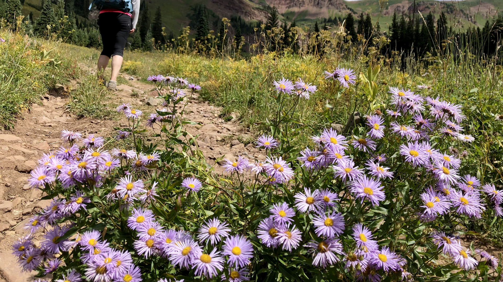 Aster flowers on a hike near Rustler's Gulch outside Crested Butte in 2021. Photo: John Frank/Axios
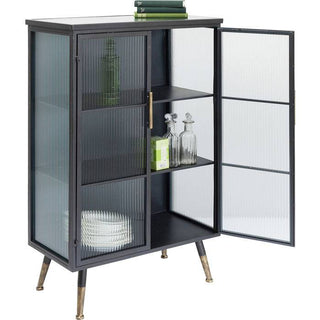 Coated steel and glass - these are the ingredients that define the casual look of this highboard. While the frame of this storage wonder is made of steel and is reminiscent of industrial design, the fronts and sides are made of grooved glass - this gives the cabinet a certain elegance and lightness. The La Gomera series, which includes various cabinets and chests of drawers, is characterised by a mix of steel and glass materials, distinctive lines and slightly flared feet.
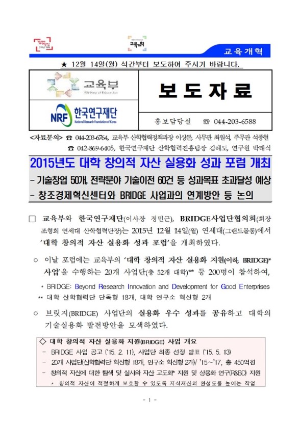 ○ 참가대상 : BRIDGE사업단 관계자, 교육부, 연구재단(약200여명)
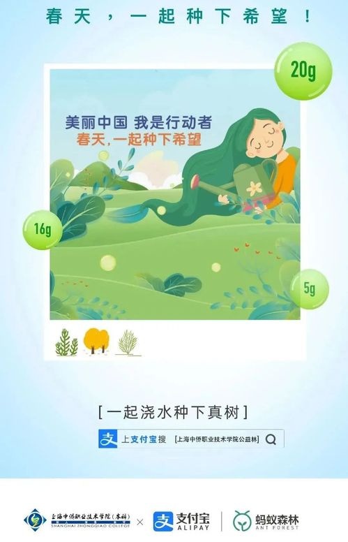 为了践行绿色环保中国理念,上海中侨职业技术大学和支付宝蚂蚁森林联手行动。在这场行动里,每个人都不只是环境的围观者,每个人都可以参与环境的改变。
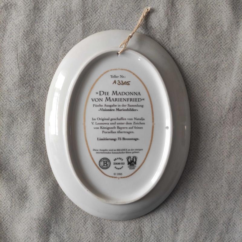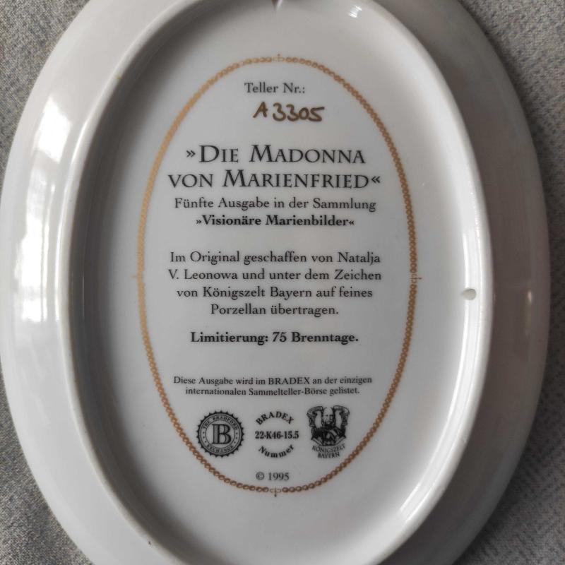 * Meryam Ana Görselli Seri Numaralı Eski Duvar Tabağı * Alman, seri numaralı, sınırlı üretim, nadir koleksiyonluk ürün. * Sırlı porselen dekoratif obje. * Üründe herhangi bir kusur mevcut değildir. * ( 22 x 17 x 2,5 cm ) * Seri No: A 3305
* * *
■ Problem
Your answer is all of the records restated word for word, pictures excluded.

■ Response area
 Aster flowers on a hike near Rustler's Gulch outside Crested Butte in 2021. Photo: John Frank/Axios
 Coated steel and glass - these are the ingredients that define the casual look of this highboard. While the frame of this storage wonder is made of steel and is reminiscent of industrial design, the fronts and sides are made of grooved glass - this gives the cabinet a certain elegance and lightness. The La Gomera series, which includes various cabinets and chests of drawers, is characterised by a mix of steel and glass materials, distinctive lines and slightly flared feet.
 ○ 참가대상 : BRIDGE사업단 관계자, 교육부, 연구재단(약200여명)
 为了践行绿色环保中国理念,上海中侨职业技术大学和支付宝蚂蚁森林联手行动。在这场行动里,每个人都不只是环境的围观者,每个人都可以参与环境的改变。
 * Meryam Ana Görselli Seri Numaralı Eski Duvar Tabağı * Alman, seri numaralı, sınırlı üretim, nadir koleksiyonluk ürün. * Sırlı porselen dekoratif obje. * Üründe herhangi bir kusur mevcut değildir. * ( 22 x 17 x 2,5 cm ) * Seri No: A 3305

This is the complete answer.